- _Problem_:
Leave out the pictures, and copy exactly the lines from the line with "例えば出版社の角川は全ての事" through the last line of the data below.

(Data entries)
__________
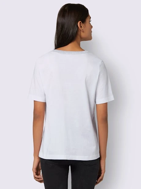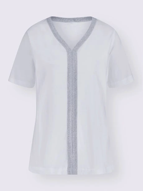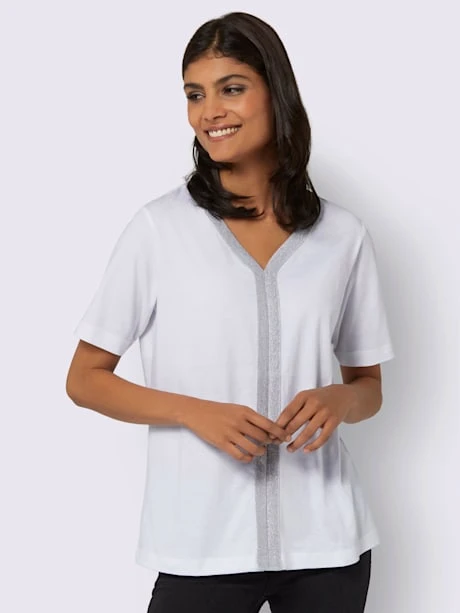 T-shirt à manches courtes avec superbe ruban brillant le long de l’encolure en V arrondie, devant et à l’ourlet.
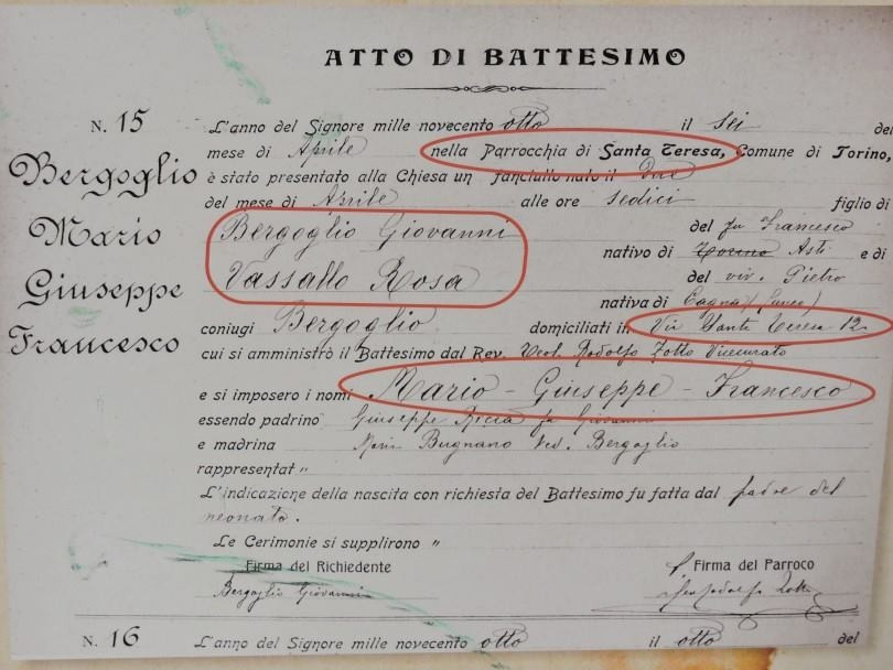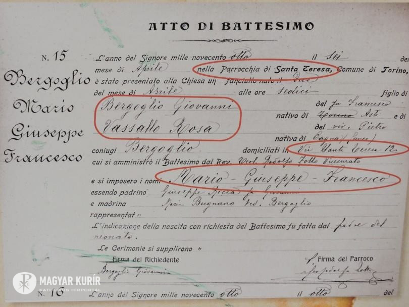 Ferenc pápa édesapjának a születési anyakönyvi kivonata
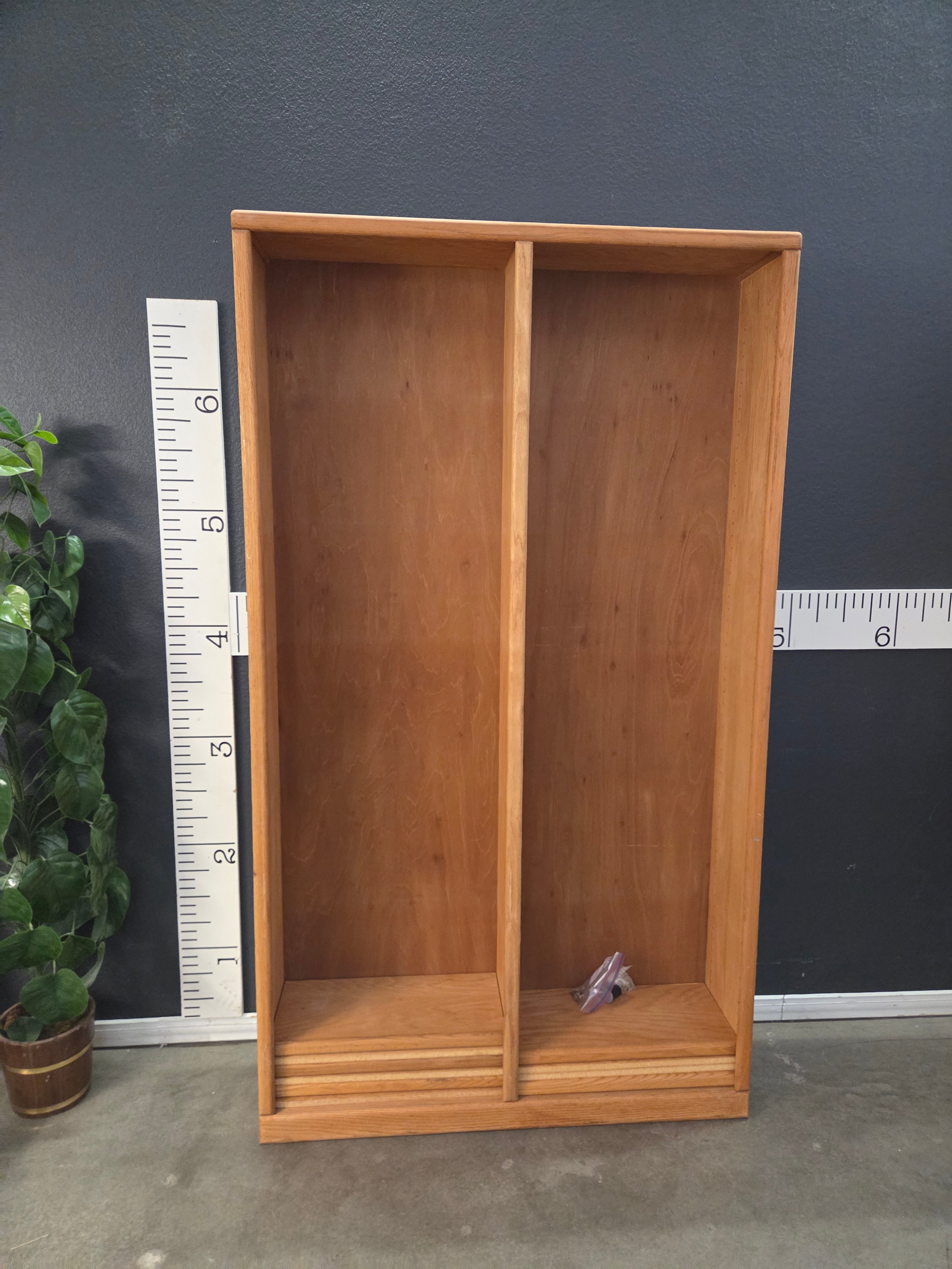 Natural finish wooden cabinet with two spacious compartments, ideal for organizing and storage. The warm wood tone adds a classic touch to any space. Approximate Size: 5 x 3 x 1
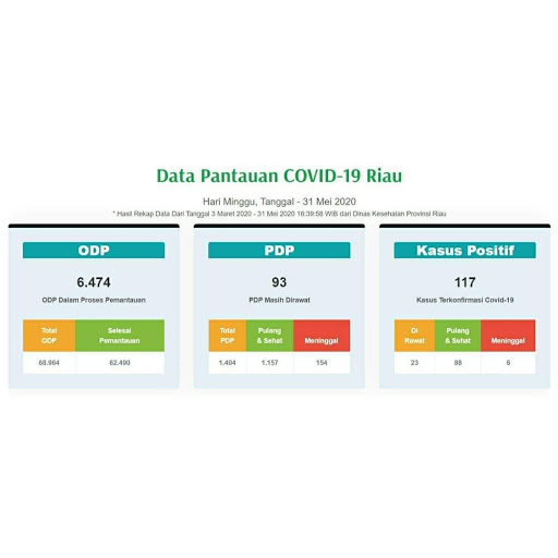 Hingga pukul 16.00 WIB data Kementerian Kesehatan (Kemenkes) RI yang dilansir dari laman resminya menampilkan bahwa Riau nihil penambahan kasus.
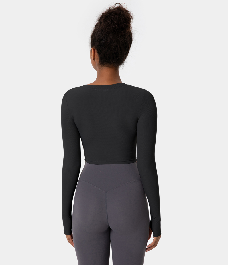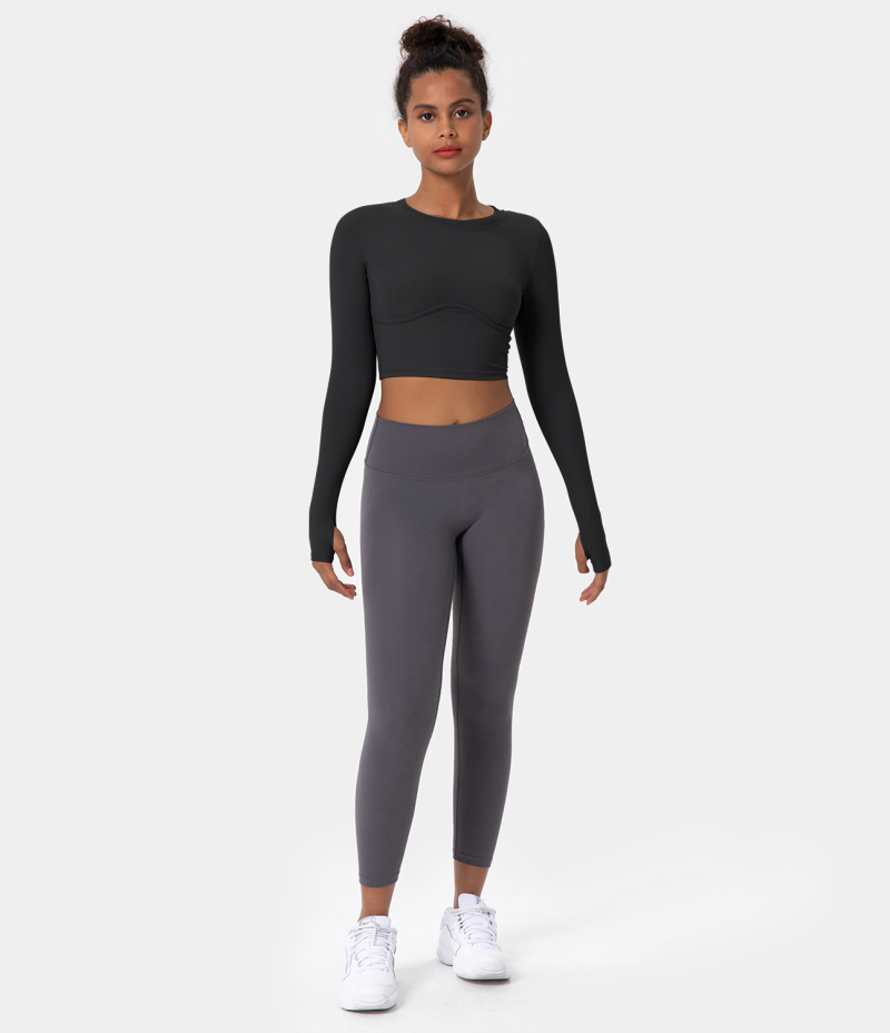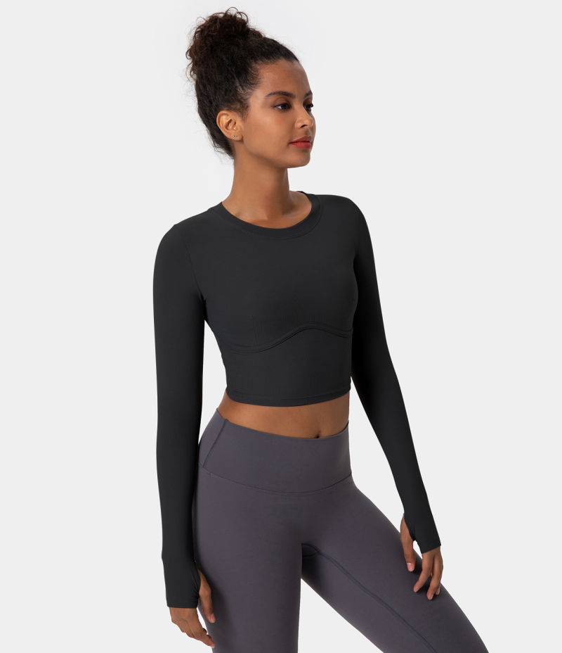 :: Halara Solid Thumb Hole Cropped Sports Women's Tops Black | HITMOZB-03
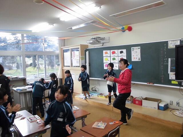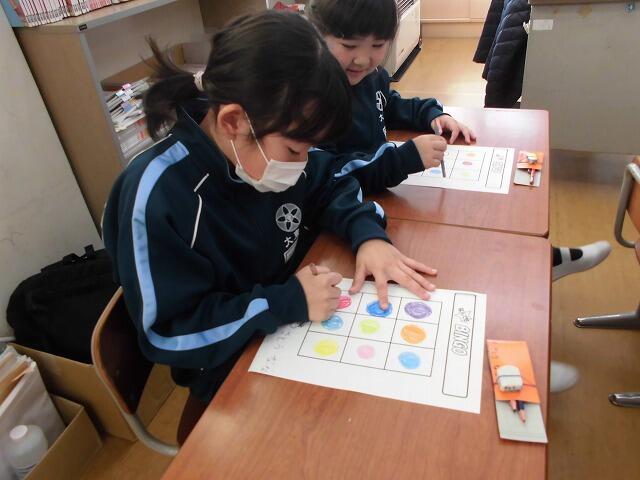 2024年12月18日 09時26分1年生がALTの先生と一緒に勉強しました。英語での色の言い方を覚え、ALTの先生の英語を聞き取り、英語で言われた色を学級内から見つけたり、色ビンゴをしたりして楽しみました。なかなかALTの先生と触れ合うことが少ない1年生。大盛り上がりで学習していました。
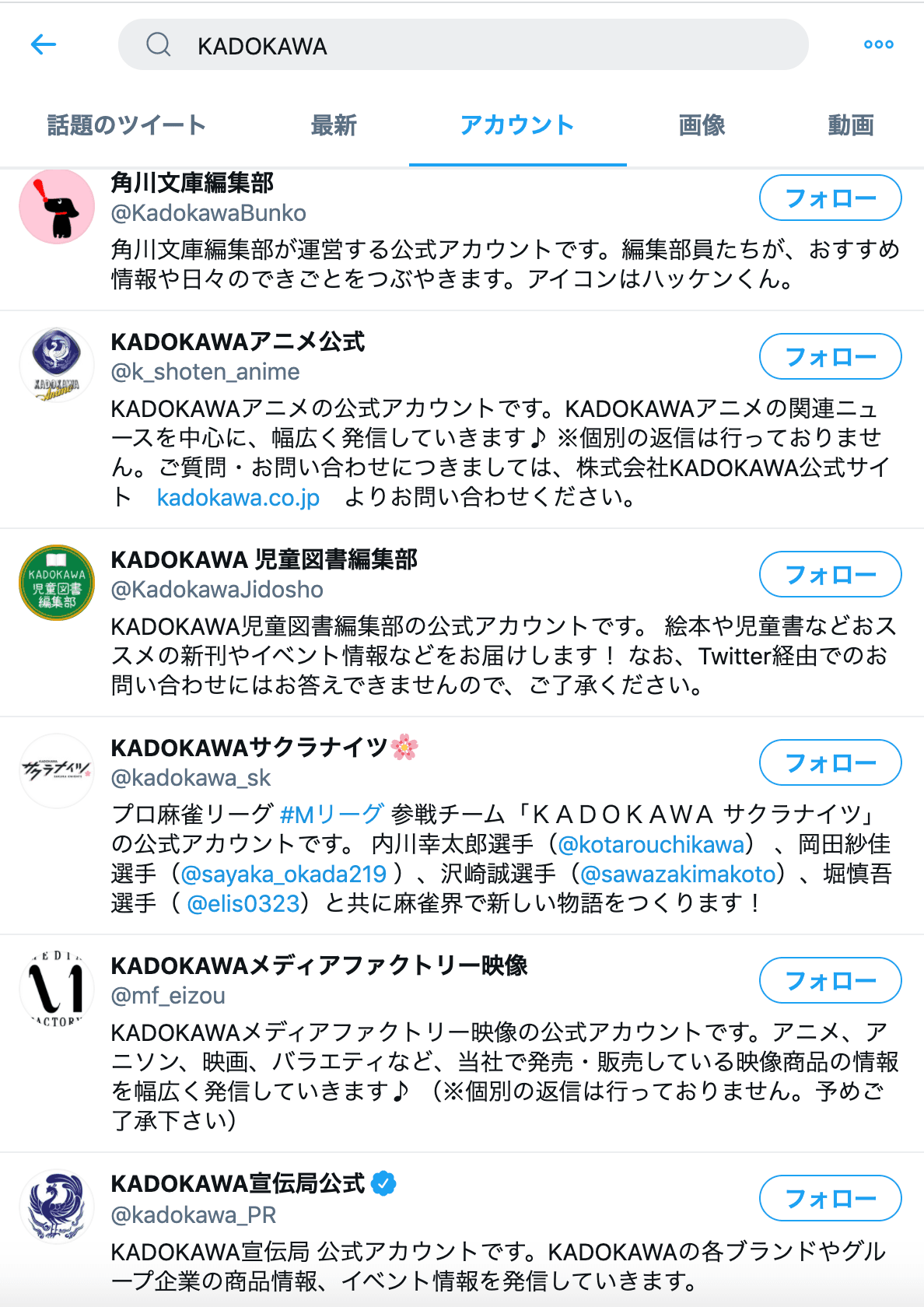 例えば出版社の角川は全ての事業、編集部ごとに公式TwitterとFacebookを運営しています。
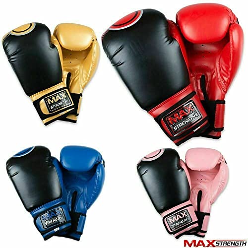 MAXSTRENGTH Guantoni da boxe MMA Punching Training Sparring, Kickboxing, combattimento Focus Punch Mitts per sacco da boxe pesante Pro Fight Muay Thai (10 oz, rosso/nero)
__________
- _Output of the task_:
 例えば出版社の角川は全ての事業、編集部ごとに公式TwitterとFacebookを運営しています。
 MAXSTRENGTH Guantoni da boxe MMA Punching Training Sparring, Kickboxing, combattimento Focus Punch Mitts per sacco da boxe pesante Pro Fight Muay Thai (10 oz, rosso/nero)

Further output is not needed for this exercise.